Но ведь не только Горбачева травили. А как нападали на Сергея Бондарчука, который делал гениальные фильмы! Кто-нибудь сделал после него что-нибудь подобное, такого же уровня? Нынешние фильмы не хочется смотреть.
— Да, но вы в них играете.
— Сейчас уже почти не играю. Приглашают в гадкие проекты, а за позор еще и денег не дают. Хотят, чтобы актер был более или менее известный и при этом снимался бесплатно. Я отказываюсь.
— Как вы пришли в кинематограф?
— В основном все лучшие фильмы остались в советском времени. Это, конечно, знаменитый «Цыган», фильм прошел по всей стране с таким резонансом, что просто невозможно было нигде появиться, везде узнавали, угощали, выстоять было тяжело. Я очень хорошо шел, из сезона в сезон снимался: «Россия молодая», «Если я полюблю», «Старые друзья», «Пропавшие среди живых»… Меня уже знали, приглашали, я даже начал отказываться. Отказался от заглавной роли ради Пер Гюнта, так как нас учили, что театр — это главное.
— Почему вы ушли из Александринки?
— Художественный руководитель Валерий Фокин не продлил со мной контракт.

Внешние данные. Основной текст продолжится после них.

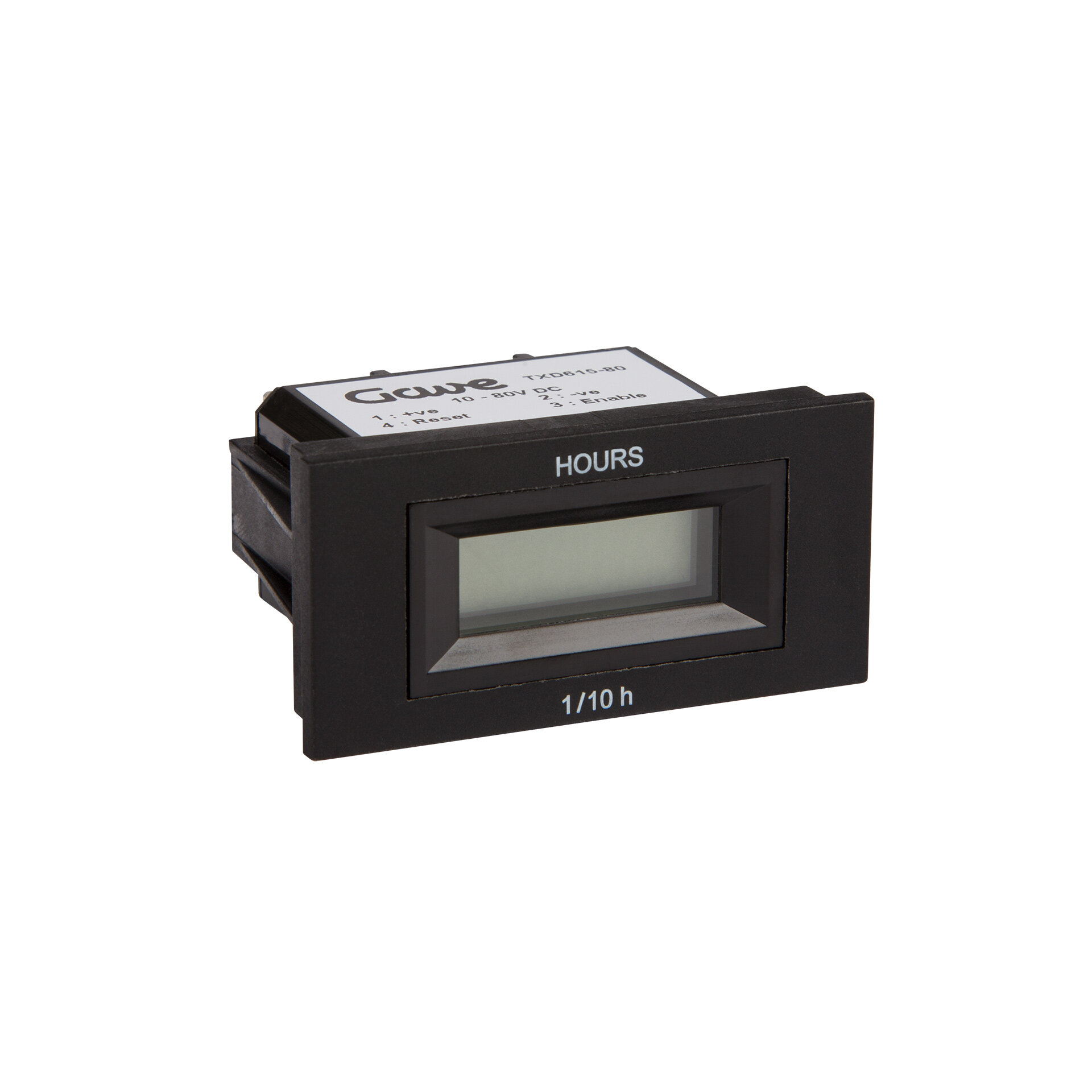Cuentahoras digital, alimentación 85-265V AC 50/60Hz, consumo energía 0,8 VA, 6 dígitos, montaje empotrado, parte frontal 48mmx24mm, protección IP54 (únicamente en la parte frontal), posibilidad de reseteado mediante la conexión de un pulsador entre los pines 1-4.

У нас с ним разные представления об искусстве театра.
— Вы поклонник реалистического, психологического театра?
— Мы на этом выросли. На протяжении долгих лет на Александринской сцене ставили русских классиков — Пушкина, Гоголя, Лермонтова, Грибоедова, но их же не коверкали, как сейчас…
— Как вы пришли в театр на Васильевском?
— Как-то случайно по телевизору смотрю — выступает худрук Театра на Васильевском Владимир Дмитриевич Словохотов, и то, что он говорит о своем театре, его творческой платформе, мне очень близко. Я понял: «Вот куда мне надо идти!» Я сюда и пришел. Сразу же ввелся в спектакль «Водевили», где мы очень хорошо работали как партнеры с Мишей Николаевым, сейчас партнерствуем в спектаклях «Русское варенье» и «Дядя Ваня». Вообще, у меня здесь замечательные партнеры во всех спектаклях.
— Расскажите про вашу реликвию — чернильницу. Ваше имя выгравировано на ней в ряду прославленных Варламова, Давыдова, Мичуриной-Самойловой…
— На ней изображена фигура Гулливера — как символ того, что возвышается над привычным, средним уровнем. Чернильница передается по наследству, фамилии владельцев выгравированы внизу на подставке. Хотят нынешние начальники или не хотят, но этим фактом я навечно вписан в историю Александринского театра. Случайные люди уйдут, а театр останется, так было всегда. Зрителя нужно возвышать. Вспомним Гоголя: «Театр — это кафедра, с которой можно сказать миру много добра».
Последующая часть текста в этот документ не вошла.